I understand the theory behind learning to fold a model from a crease pattern, but given that CPs are more a tool for designers than folders, there doesn't seem to be much intermediate ground between trivial "here, do a bird base..." lessons or "just do it" basic advice; and people posting triumphs about solving some super-complex Kamiya CP. But given that some of the more prolific and complex designers don't have the time/energy to spend on diagrams for many of their models, but are still willing to publish a CP, this is a skill I'd like to master.

But in the learning resources I've found, it's all frustratingly lacking in hard advice or practice pieces in the middle.

What do I need to look for in a CP to judge its difficulty level? I don't want to get so frustrated that I give up all together, but neither do I want it to be so trivial as to be boring. Is it just how dark the grey value of the printed CP is? :) Is there a good learning resource for bridging this middle ground to CP mastery?
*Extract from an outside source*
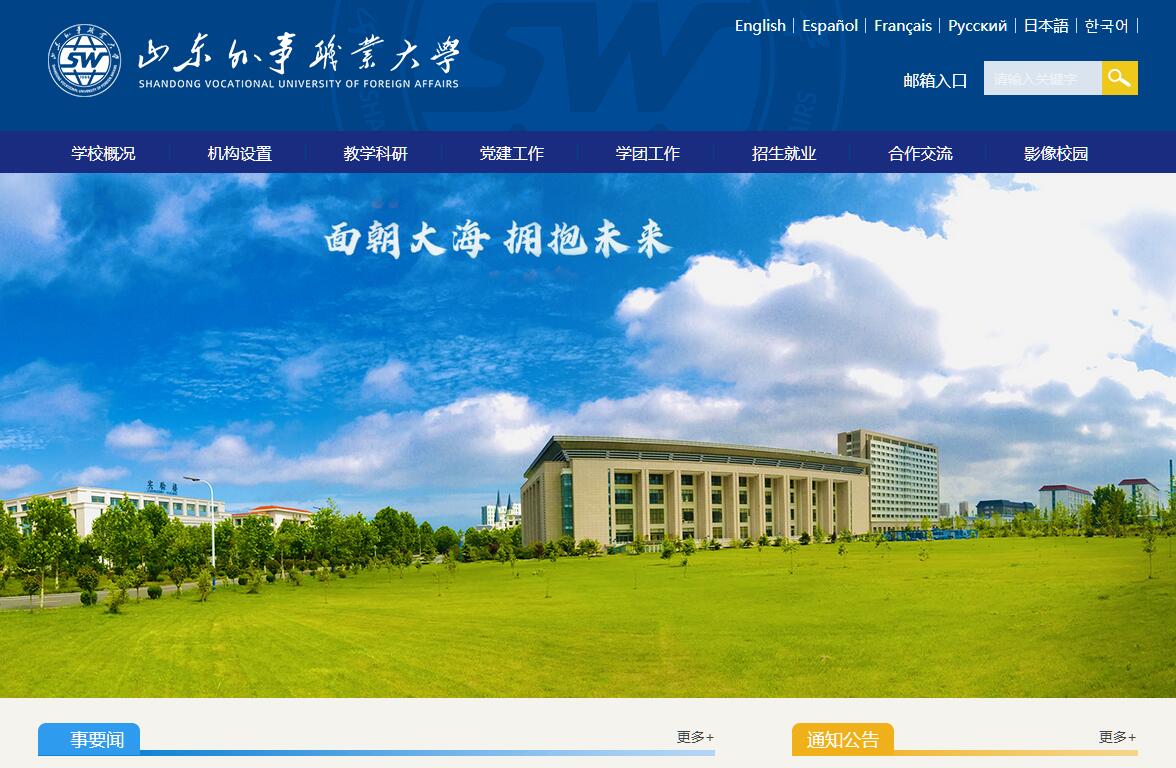 山東外事職業(yè)大學(xué)是經(jīng)國(guó)家教育部批準(zhǔn)的全日制本科高校。學(xué)校創(chuàng)建于1999年。2004年7月,經(jīng)山東省人民政府批準(zhǔn),國(guó)家教育部備案,改建為山東外事翻譯職業(yè)學(xué)院,成為全日制普通高等職業(yè)院校。2018年12月,經(jīng)教育部批準(zhǔn)升格為本科院校。2019年5月更名為山東外事職業(yè)大學(xué)。原全國(guó)人大外事委員會(huì)主任、前外交部長(zhǎng)李肇星為我校名譽(yù)校長(zhǎng)。建校以來,學(xué)校秉承“中西合璧、知行合一”的校訓(xùn),開拓進(jìn)取,砥礪前行。經(jīng)過多年的不懈努力,學(xué)校的教學(xué)、科研和各項(xiàng)事業(yè)都取得了長(zhǎng)足的發(fā)展,辦學(xué)水平和社會(huì)聲譽(yù)不斷提高。目前,學(xué)校設(shè)威海和濟(jì)南兩個(gè)校區(qū),占地面積1600余畝,校舍建筑面積35萬余平方米。設(shè)有外國(guó)語學(xué)院、管理學(xué)院、國(guó)際商學(xué)院、工程學(xué)院、信息與控制工程學(xué)院、藝術(shù)學(xué)院、護(hù)理學(xué)院、綜合學(xué)院、繼續(xù)教育學(xué)院、國(guó)際交流學(xué)院、STEM教育學(xué)院、基礎(chǔ)部等12個(gè)教學(xué)單位。開設(shè)56個(gè)本、專科專業(yè),在校生15000余人。形成了文學(xué)、經(jīng)濟(jì)學(xué)、管理學(xué)、工學(xué)、法學(xué)、教育學(xué)、藝術(shù)學(xué)等多學(xué)科協(xié)調(diào)發(fā)展的專業(yè)建設(shè)格局。學(xué)校注重加強(qiáng)教學(xué)基本條件建設(shè)?,F(xiàn)有4個(gè)實(shí)驗(yàn)實(shí)訓(xùn)教學(xué)中心(應(yīng)用外國(guó)語實(shí)訓(xùn)中心、國(guó)際商務(wù)實(shí)驗(yàn)實(shí)訓(xùn)中心、旅游管理實(shí)訓(xùn)中心、計(jì)算機(jī)實(shí)驗(yàn)教學(xué)中心),其中,應(yīng)用外國(guó)語實(shí)訓(xùn)中心為威海市級(jí)示范實(shí)訓(xùn)中心,電子商務(wù)與技術(shù)研發(fā)中心為省級(jí)工程技術(shù)中心。114個(gè)校內(nèi)實(shí)驗(yàn)實(shí)訓(xùn)室,97個(gè)校外實(shí)習(xí)實(shí)訓(xùn)基地,140個(gè)多媒體、E化互動(dòng)教室。同聲傳譯實(shí)驗(yàn)教學(xué)中心可同時(shí)進(jìn)行7種語言的同聲傳譯,達(dá)到國(guó)內(nèi)領(lǐng)先水平。筆譯實(shí)訓(xùn)室配有國(guó)際先進(jìn)的翻譯服務(wù)軟件系統(tǒng),支持64種語言的雙向互譯,為實(shí)踐教學(xué)提供了良好的條件。數(shù)字化校園實(shí)現(xiàn)了全覆蓋一體化智能管理。電視播控中心能夠同時(shí)轉(zhuǎn)播11種外語節(jié)目。圖書館建筑面積27800平方米,館藏紙質(zhì)圖書130.58萬冊(cè),電子圖書7.5TB。閱覽空間達(dá)到6100平方米。建有完善的圖書資料自動(dòng)化管理系統(tǒng),具有豐富的網(wǎng)上資源。運(yùn)動(dòng)場(chǎng)館等體育設(shè)施完善。學(xué)生餐廳、學(xué)生公寓和留學(xué)生公寓等生活配套設(shè)施達(dá)到較高水平。學(xué)校大力加強(qiáng)師資隊(duì)伍建設(shè),不斷優(yōu)化師資隊(duì)伍結(jié)構(gòu)。現(xiàn)有教職工1000余人,其中專任教師860余人,專任教師隊(duì)伍中有教授、副教授和其他高級(jí)職稱的240余人,具有雙師型資格的教師400余人,有博士和碩士學(xué)位的教師近400人。省級(jí)優(yōu)秀教學(xué)團(tuán)隊(duì)5個(gè),有享受國(guó)務(wù)院特殊津貼專家4人,教育部專業(yè)教指委委員3人,全國(guó)和省級(jí)優(yōu)秀教師11人,還有一批相對(duì)穩(wěn)定的外籍教師駐校任教。學(xué)校堅(jiān)持以教學(xué)為中心,堅(jiān)持教學(xué)質(zhì)量一把手工程,積極構(gòu)建教學(xué)質(zhì)量診斷與改進(jìn)體系、技能型人才培養(yǎng)實(shí)踐教學(xué)體系和教學(xué)質(zhì)量工程建設(shè)體系?,F(xiàn)有省級(jí)特色、品牌專業(yè)(群)12個(gè),省級(jí)精品課程和精品資源共享課程12門,完成省部級(jí)教改課題10項(xiàng),獲得省級(jí)以上教學(xué)成果獎(jiǎng)4項(xiàng)。在2015年山東省高職院校人才培養(yǎng)工作評(píng)估中,7個(gè)一級(jí)指標(biāo)均為優(yōu)秀,以優(yōu)異的成績(jī)獲得通過。學(xué)校高度重視科研工作,始終堅(jiān)持“科研引領(lǐng)教學(xué)、支撐教學(xué)”,積極搭建各種學(xué)術(shù)平臺(tái)。中國(guó)先秦史學(xué)會(huì)孫子兵法研究院、山東省高等教育研究院、山東省高等教育管理科學(xué)研究會(huì)高等教育發(fā)展研究中心先后在我校落地。學(xué)校還建有外語翻譯研究中心、山東省電子商務(wù)與技術(shù)研發(fā)中心、東北亞研究所、國(guó)學(xué)研究所等學(xué)術(shù)機(jī)構(gòu)。近年來,我校科研發(fā)展初具規(guī)模,我校獲批國(guó)家級(jí)科研項(xiàng)目2項(xiàng),省部級(jí)科研項(xiàng)目25項(xiàng),市廳級(jí)科研項(xiàng)目67項(xiàng)。我校教師發(fā)表學(xué)術(shù)論文1105篇,出版學(xué)術(shù)專著63部,獲得實(shí)用新型專利授權(quán)33項(xiàng),獲得市、廳級(jí)及以上優(yōu)秀科研成果獎(jiǎng)53項(xiàng)。隨著我校對(duì)科研投入的不斷加大、科研理念不斷革新,教師的科研意識(shí)不斷增強(qiáng),科研氛圍日益濃厚,科技成果日趨顯著。學(xué)校利用自身的特點(diǎn)和優(yōu)勢(shì),積極開展校企合作和社會(huì)服務(wù)。設(shè)立了外語培訓(xùn)中心、譯林翻

  • Won't this be opinion-based after all?
    – D. Tunus
    Apr 29, 2016 at 9:38
  • @D.Tanya, I (obviously) didn't think so, but if you do, you can vote to close it on those grounds.
    – inkista
    Apr 30, 2016 at 2:25
  • 1
    im sure there is a math to this, easy = longer contiguous creases, hard = billions of little ones..
    – Sky
    May 16, 2016 at 3:11
  • @Sky Well, unless it's a fundamentally easy model someone dressed up with tessellation (e.g. fish scales). :-)
    – inkista
    May 19, 2016 at 16:16

1 Answer 1


While there is no surefire way to know, some cues may indicate a simpler or a more complex model:

  • If it's a box-pleating model or the CP is otherwise based around a grid, the size of the grid is usually correlated to the model's complexity. As a rule of thumb, something that uses a 16×16 grid will usually be simpler than something based around an 48×48 grid.
  • The complexity of line intersections in the CP may indicate how many layers of paper there are in different parts of the model which in turn may indicate the complexity to fold. So intersections where a larger number of creases meet may indicate a more complex model. There will, of course be exceptions, as a simple mountain fold over multiple layers may have the same CP (except for fold orientation) as a complex closed sink along the same line.
  • Look at the finished model. The amount of detail will often indicate the complexity. Bad surprises do happen, however.
  • Look around forums for people writing about the model — either the folders themselves or people commenting their work will often mention the model's complexity, especially if it is high. Don't be afraid to ask, either.
  • Get some experience by folding simple designs first. Even if you do not intend to fold tessellations in the future, they may be a good starting point into Crease Patterns since tessellations are often published in the form of CPs but at the same time the complexity of these CPs is usually much lower than that of animal model CPs. As you gain experience by folding simple Crease Patterns, you will become more proficient in judging the complexity of a CP.